I. Sufficiency of the Evidence
In his first issue on appeal, the defendant challenges the legal sufficiency of the convicting evidence. The gravamen of his challenge is that the State established neither that he was the individual who sold the cocaine nor that the defendant was in possession of the cocaine. He claims that the evidence against him was circumstantial and was legally vulnerable to the test for evaluating circumstantial evidence. Respectfully, we disagree on all accounts.
When an accused challenges the sufficiency of the evidence, an appellate court's standard of review is whether, after considering the evidence in the light most favorable to the prosecution, any rational trier of fact could have found the essential elements of the crime beyond a reasonable doubt. Tenn. R. App. P. 13(e); Jackson v. Virginia, 443 U.S. 307, 324, 99 S. Ct. 2781, 2791-92 (1979); State v. Winters, 137 S.W.3d 641, 654 (Tenn.Crim.App. 2003). The rule applies to findings of guilt based upon direct evidence, circumstantial evidence, or a combination of direct and circumstantial evidence. Winters, 137 S.W.3d at 654.
In determining the sufficiency of the evidence, this court should neither re-weigh the evidence nor substitute its inferences for those drawn by the trier of fact. Id. at 655. Questions concerning the credibility of the witnesses, the weight and value of the evidence, as well as all factual issues raised by the evidence are resolved by the trier of fact. State v. Cabbage, 571 S.W.2d 832, 835 (Tenn. 1978). Significantly, this court must afford the State of Tennessee the strongest legitimate view of the evidence contained in the record as well as all reasonable and legitimate inferences which may be drawn from the evidence. Id.
A criminal offense may be established exclusively by circumstantial evidence, Duchac v.
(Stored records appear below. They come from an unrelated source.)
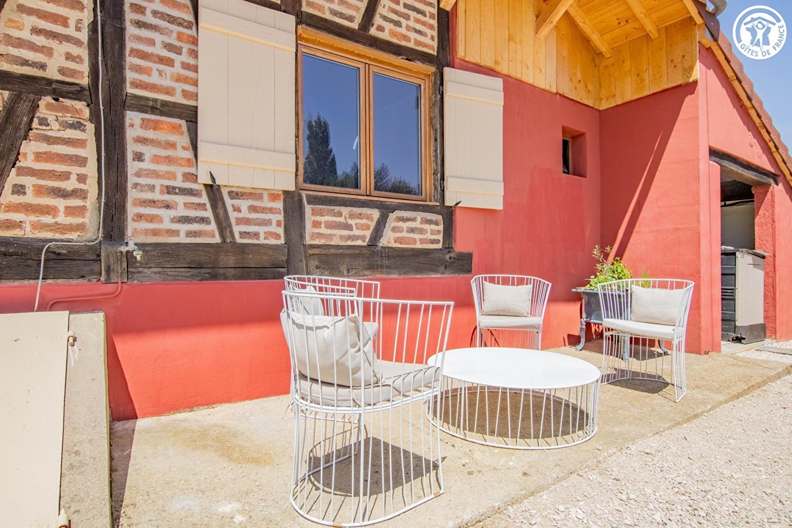 Ravissante demeure bressane de caractère du XIXème siècle d'architecture traditionnelle en briques de pays, soigneusement restaurée, sise au calme en plein cœur d'un paisible & charmant petit village typique, en bordure d'une petite prairie arborée ouvrant sur l'étang de pêche communal directement accessible (carpes & brochets entre autres…). Niché en pleine campagne bressane, au creux de la verdoyante basse vallée du Doubs, non loin des premiers contreforts montagneux boisés du massif du Jura, La Chapelle-Saint-Sauveur profite d'une apaisante douce campagne préservée (en partie protégée en ZNIEFF), conjuguant pleine nature & agriculture, au creux d'une plaine bocagère parsemée de bucoliques étangs & belles forêts sauvages et dispose d'une base de loisirs dotée d'un très réputé plan d'eau "naturel" aménagé en "baignade biologique". Gîte de très bon confort. Spacieux & lumineux. Chaleureux cachet campagnard, un brin "rustique", aux accents contemporains d'esprit "pop" & "jungle". Ambiance zen & très douce. Terrasse privative ouvrant directement sur la piscine du domaine (2x5m / partagée avec les autres gîtes) agrémentée d'un vaste pool-house (avec WC) aménagé en cuisine d'été & mini salle de sport équipée (proposant un vélo elliptique, rameur & appareil pour abdominaux). Agréable jardin naturel en commun, blotti en lisière de champs & d'un petit bois (véritable aire de jeux & d'aventures pour les enfants), comprenant table de ping-pong, balançoire-toboggan & filet de badminton-volley. En bonus : accès à une ancienne cave aménagée en espace détente pour se mettre au frais l'été.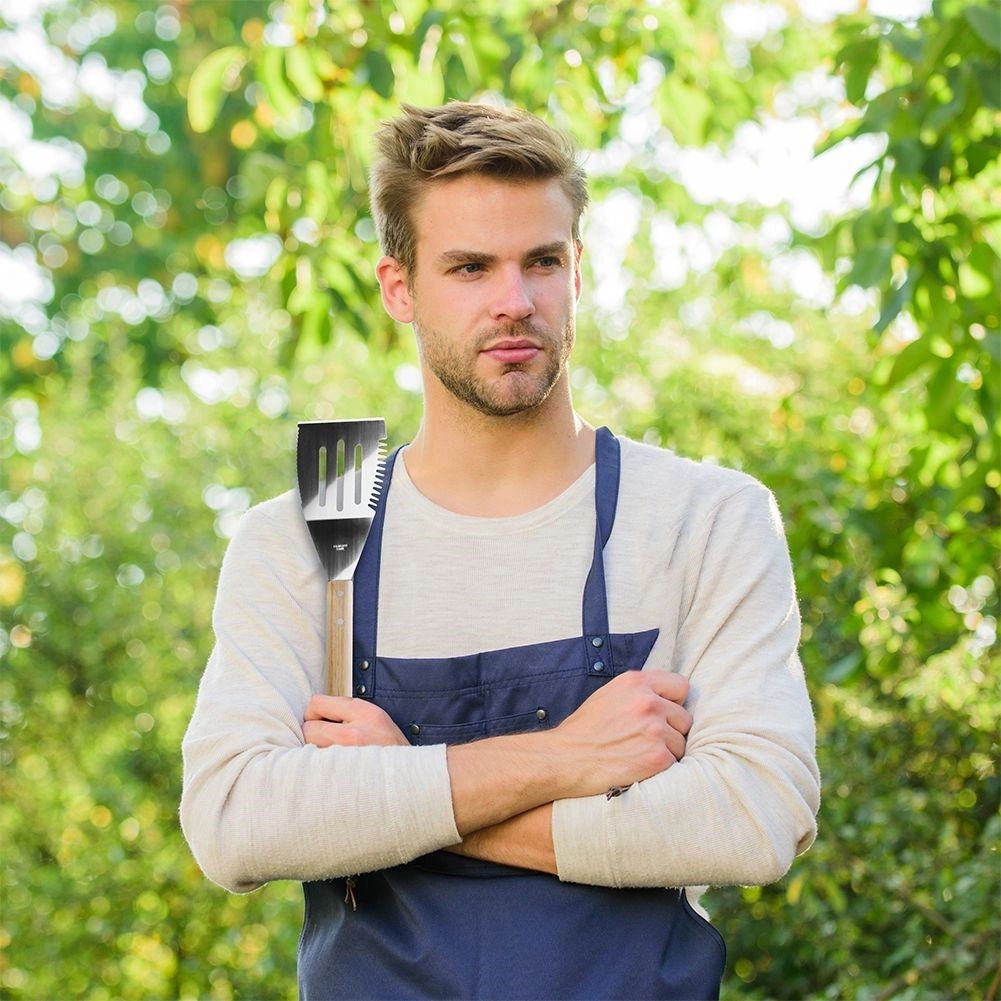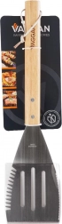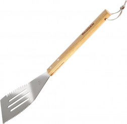 Łopatka VAGGAN łączy trwałą stal nierdzewną z ergonomiczną drewnianą rączką dla pewnego chwytu przy rozgrzanym grillu. Głowica ze szczelinami ułatwia odprowadzanie nadmiaru tłuszczu, a ząbkowane krawędzie i ostrzony bok umożliwiają krojenie burgerów, warzyw i wędlin bezpośrednio na ruszcie.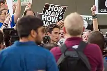 After the school shooting, Hogg emerged as a leader in the 2018 United States gun violence protests.[33] Along with Alfonso Calderon, Sarah Chadwick, X González, Cameron Kasky and other students, he turned to the media to talk about their role as survivors in the shooting and voice his opinion on gun control and gun violence.[34] He called on elected officials to pass gun control measures[35] and has been a vocal critic of officials who take donations from the NRA, and he has been urging them to compromise on legislation to save lives.[36]

State, 505 S.W.2d 237 (Tenn. 1973); Winters, 137 S.W.3d at 654; however, before an accused may be convicted of a criminal offense based upon circumstantial evidence alone, the facts and circumstances "must be so strong and cogent as to exclude every other reasonable hypothesis save the guilt of the defendant." State v. Crawford, 225 Tenn. 478, 482, 470 S.W.2d 610, 612 (1971). "In other words, `[a] web of guilt must be woven around the defendant from which he cannot escape and from which facts and circumstances the jury could draw no other reasonable inference save the guilt of the defendant beyond a reasonable doubt.'" State v. McAfee, 737 S.W.2d 304, 306 (Tenn.Crim.App. 1987) (quoting Crawford, 470 S.W.2d at 613).
"It is an offense for a defendant to knowingly . . . sell a controlled substance. . . ." T.C.A. § 39-17-417(a)(3) (2006). Cocaine is a Schedule II controlled substance. Id. § 39-17-408(b).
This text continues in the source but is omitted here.